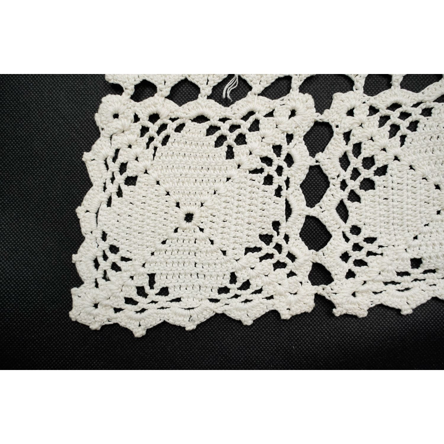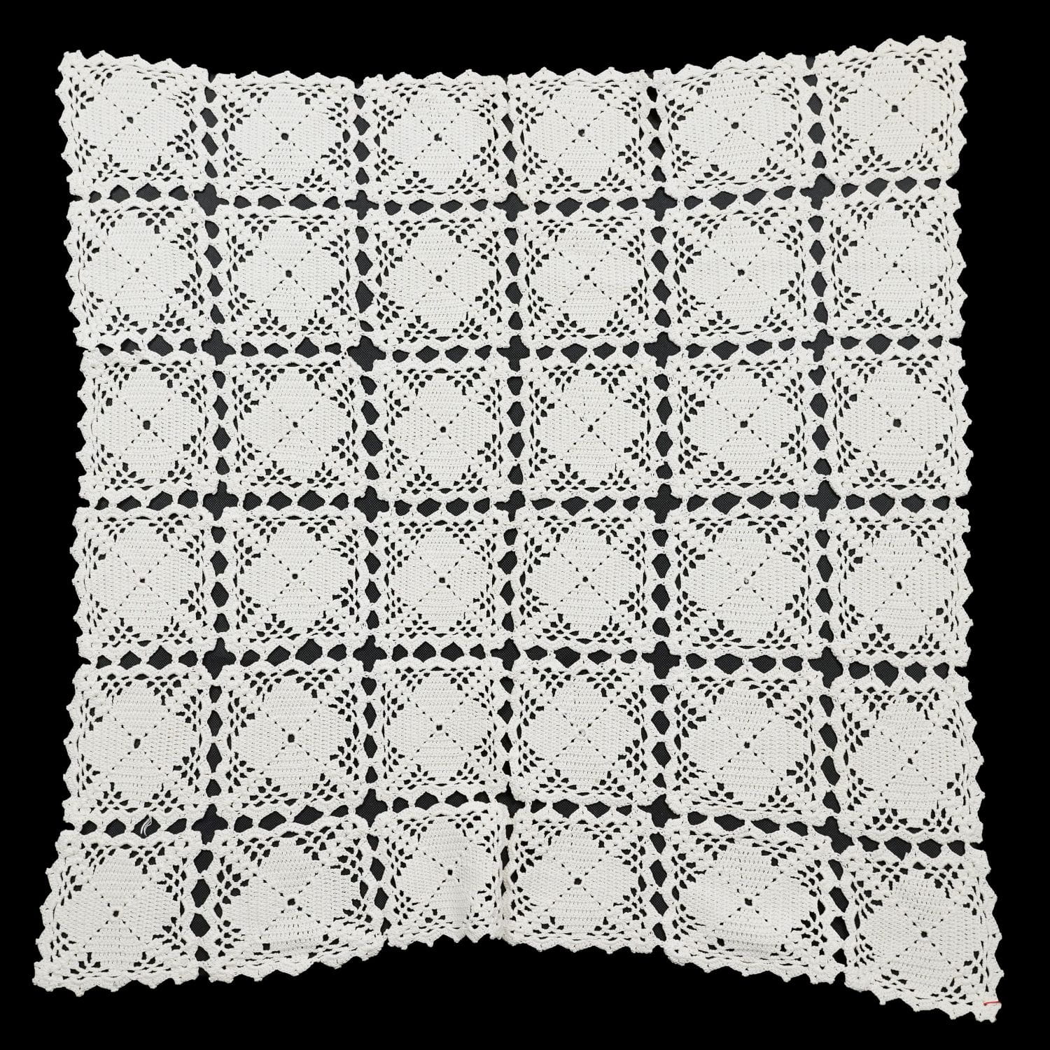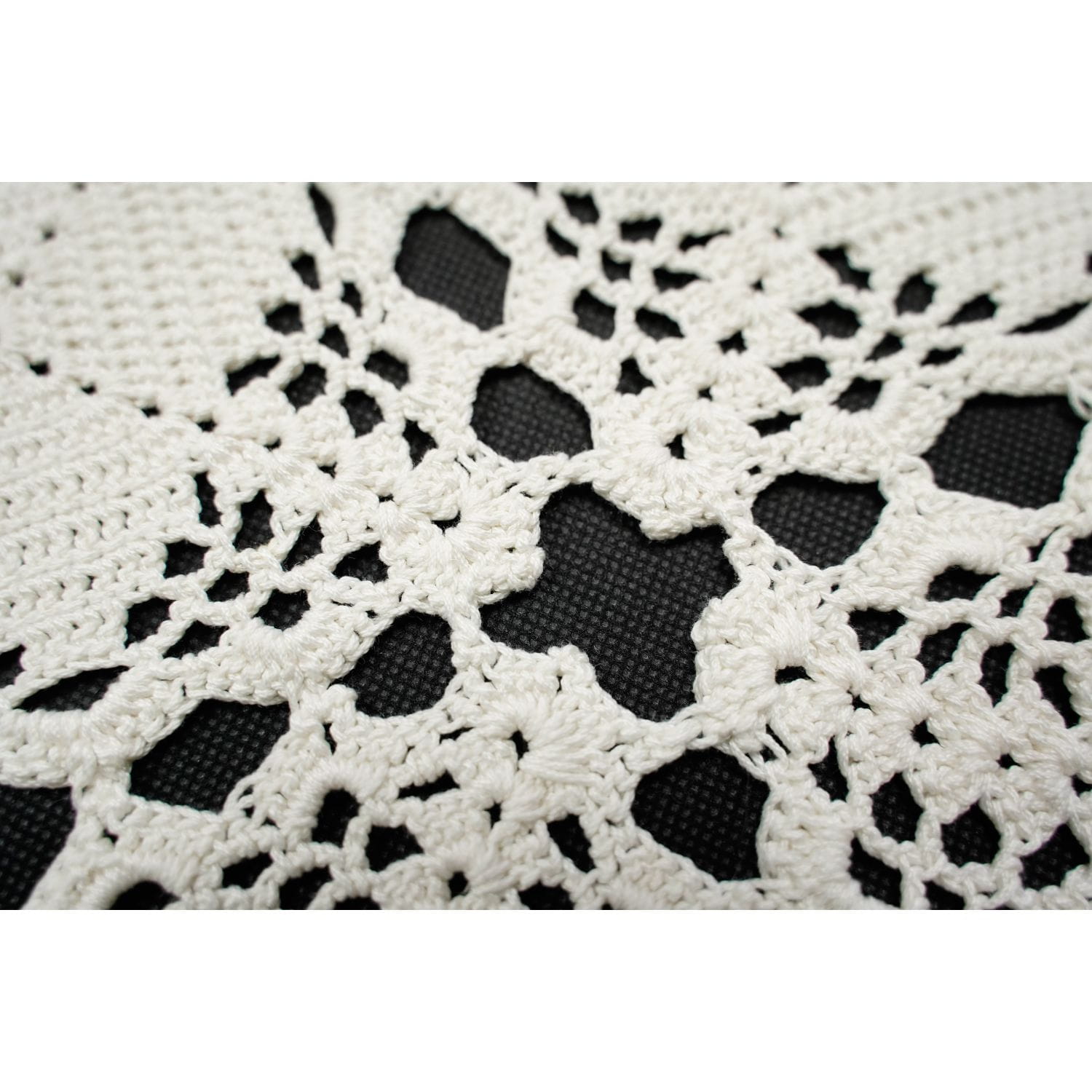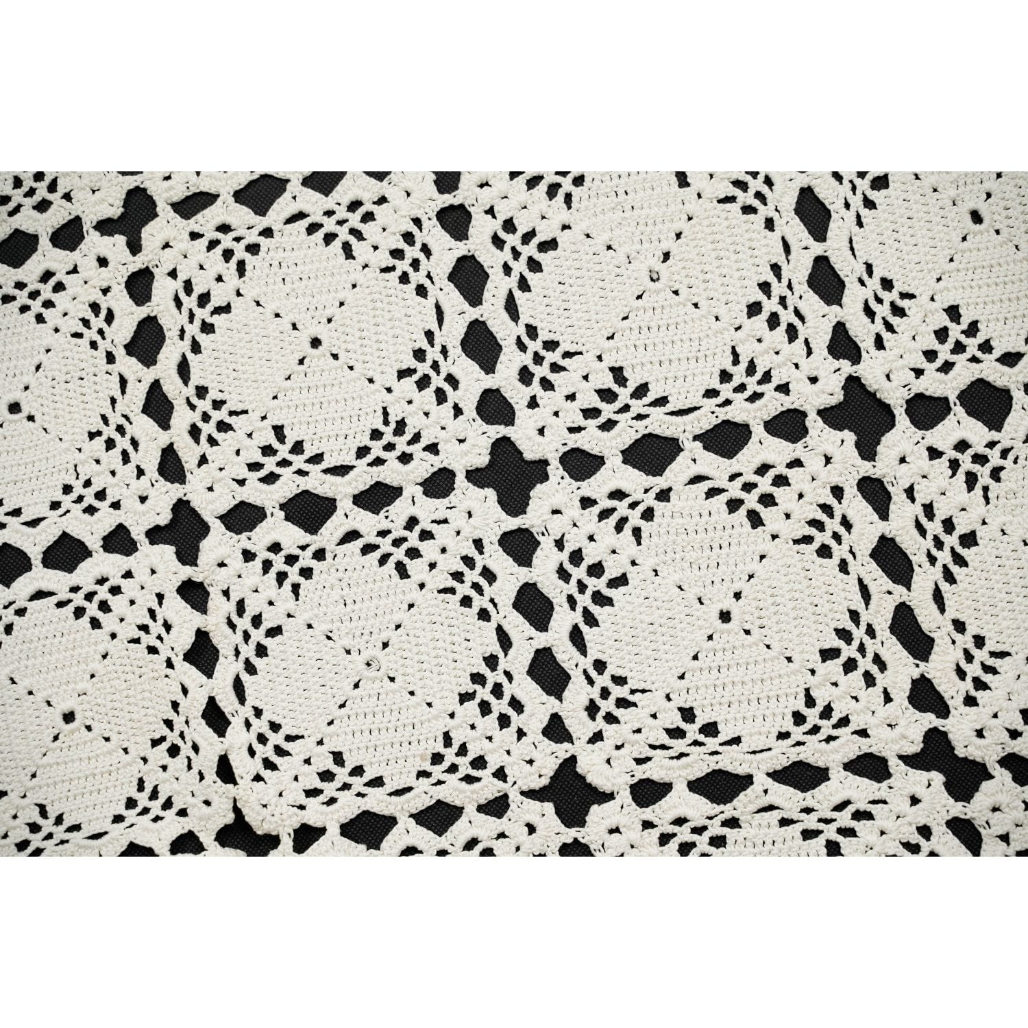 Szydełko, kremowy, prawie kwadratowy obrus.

++++++++++

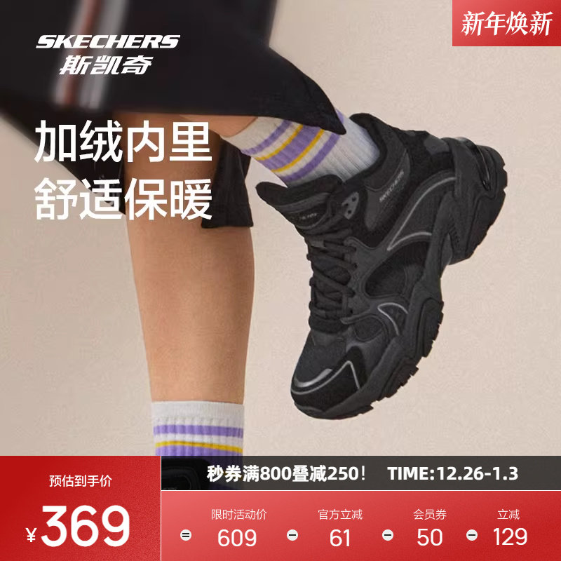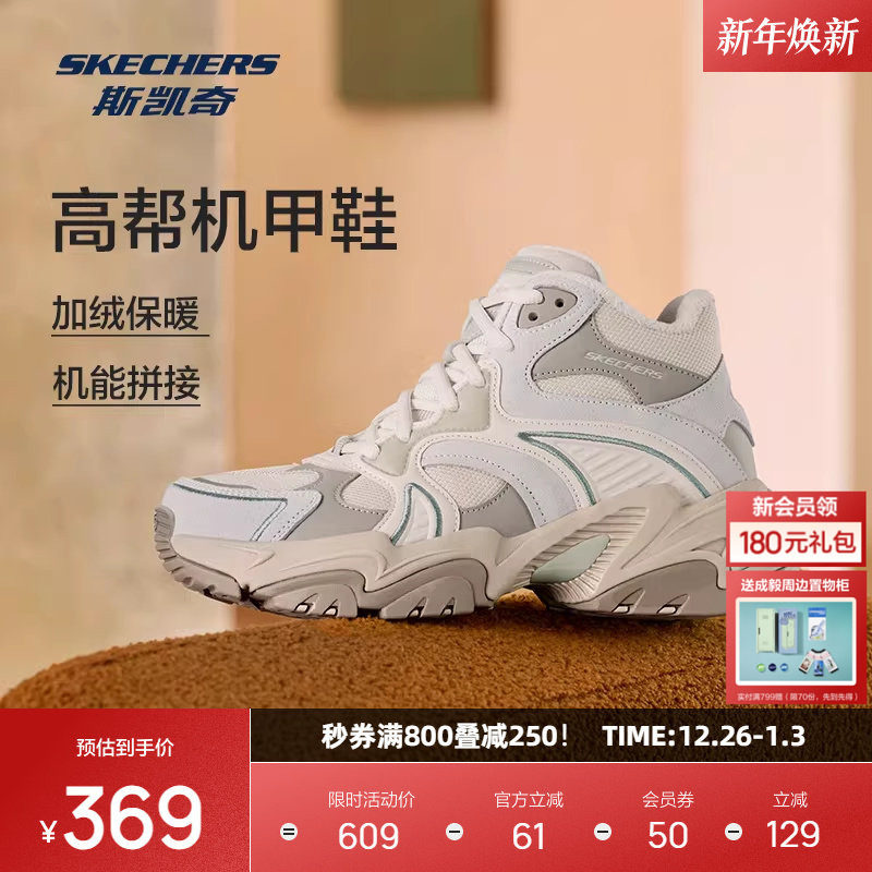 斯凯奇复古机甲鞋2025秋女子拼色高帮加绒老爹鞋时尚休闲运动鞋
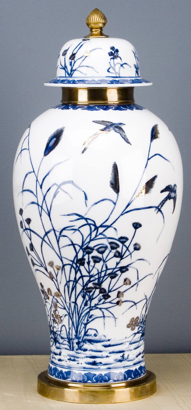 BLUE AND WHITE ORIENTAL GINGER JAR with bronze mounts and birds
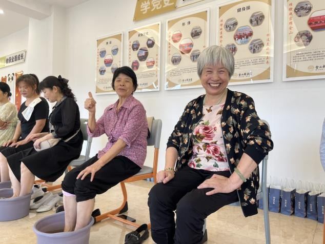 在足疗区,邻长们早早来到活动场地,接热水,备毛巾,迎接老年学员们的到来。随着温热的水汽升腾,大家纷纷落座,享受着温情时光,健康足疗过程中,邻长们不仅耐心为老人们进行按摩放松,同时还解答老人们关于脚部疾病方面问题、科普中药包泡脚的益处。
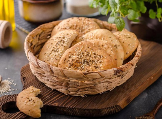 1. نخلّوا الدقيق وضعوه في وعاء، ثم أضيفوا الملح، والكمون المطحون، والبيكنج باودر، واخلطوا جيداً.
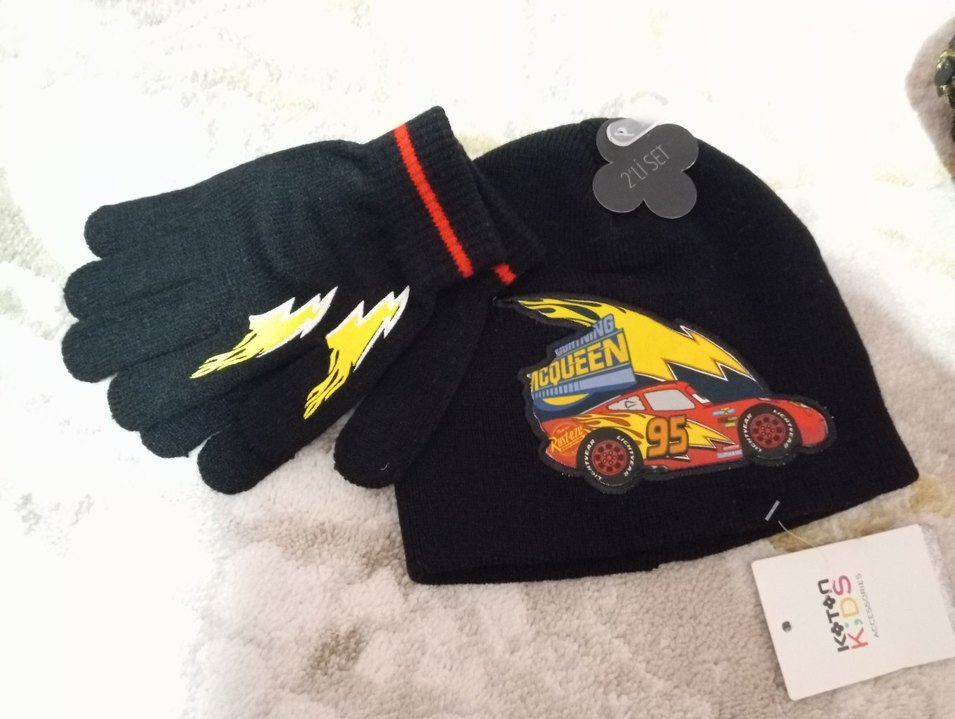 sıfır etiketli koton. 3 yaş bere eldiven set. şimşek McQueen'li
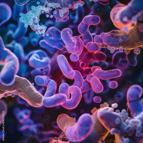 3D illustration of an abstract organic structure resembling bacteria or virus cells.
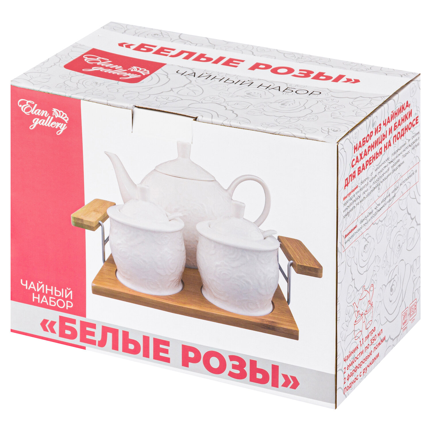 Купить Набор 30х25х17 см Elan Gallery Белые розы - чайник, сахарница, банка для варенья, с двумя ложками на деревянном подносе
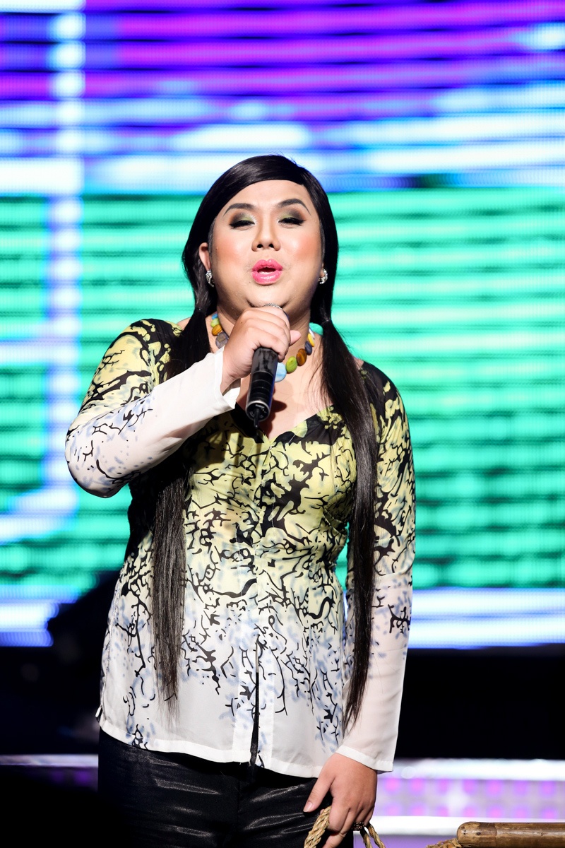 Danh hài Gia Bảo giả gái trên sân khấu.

++++++++++

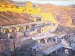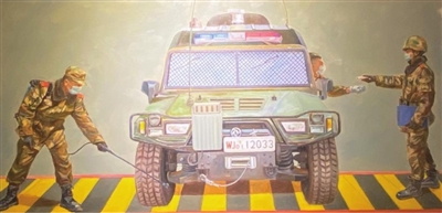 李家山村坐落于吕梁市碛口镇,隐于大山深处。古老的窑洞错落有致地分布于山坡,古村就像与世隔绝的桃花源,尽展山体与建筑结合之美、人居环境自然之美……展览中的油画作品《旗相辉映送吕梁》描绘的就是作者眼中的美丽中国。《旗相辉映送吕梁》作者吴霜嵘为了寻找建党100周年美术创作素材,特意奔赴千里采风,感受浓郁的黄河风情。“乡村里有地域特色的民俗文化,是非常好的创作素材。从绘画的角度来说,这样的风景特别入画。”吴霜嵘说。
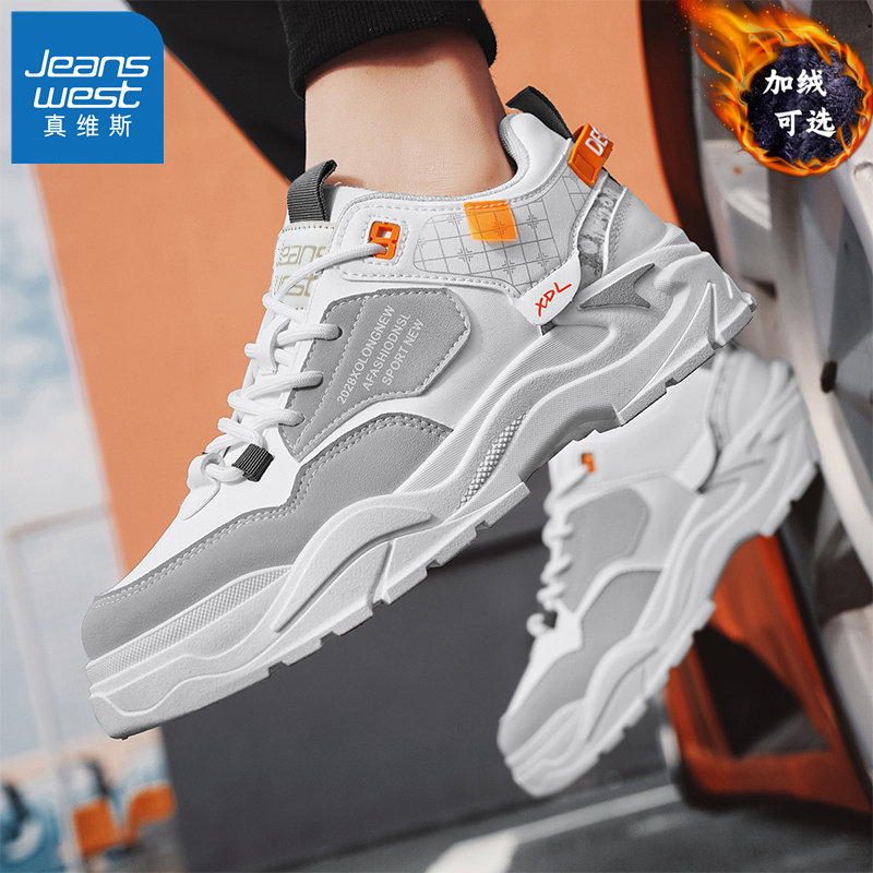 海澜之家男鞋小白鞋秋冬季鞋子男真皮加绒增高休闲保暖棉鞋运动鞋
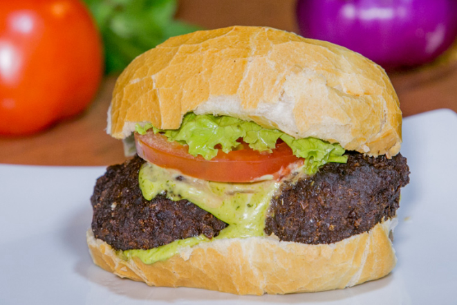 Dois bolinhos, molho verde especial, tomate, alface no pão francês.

++++++++++

**EXERCISE PROMPT:**
From the material above, give again exactly the lines from the one that contains "1. نخلّوا الدقيق" through the one that contains "Danh hài Gia Bảo giả gái trên sân khấu.", and leave out the pictures.

**YOUR SOLUTION:**
 1. نخلّوا الدقيق وضعوه في وعاء، ثم أضيفوا الملح، والكمون المطحون، والبيكنج باودر، واخلطوا جيداً.
 sıfır etiketli koton. 3 yaş bere eldiven set. şimşek McQueen'li
 3D illustration of an abstract organic structure resembling bacteria or virus cells.
 Купить Набор 30х25х17 см Elan Gallery Белые розы - чайник, сахарница, банка для варенья, с двумя ложками на деревянном подносе
 Danh hài Gia Bảo giả gái trên sân khấu.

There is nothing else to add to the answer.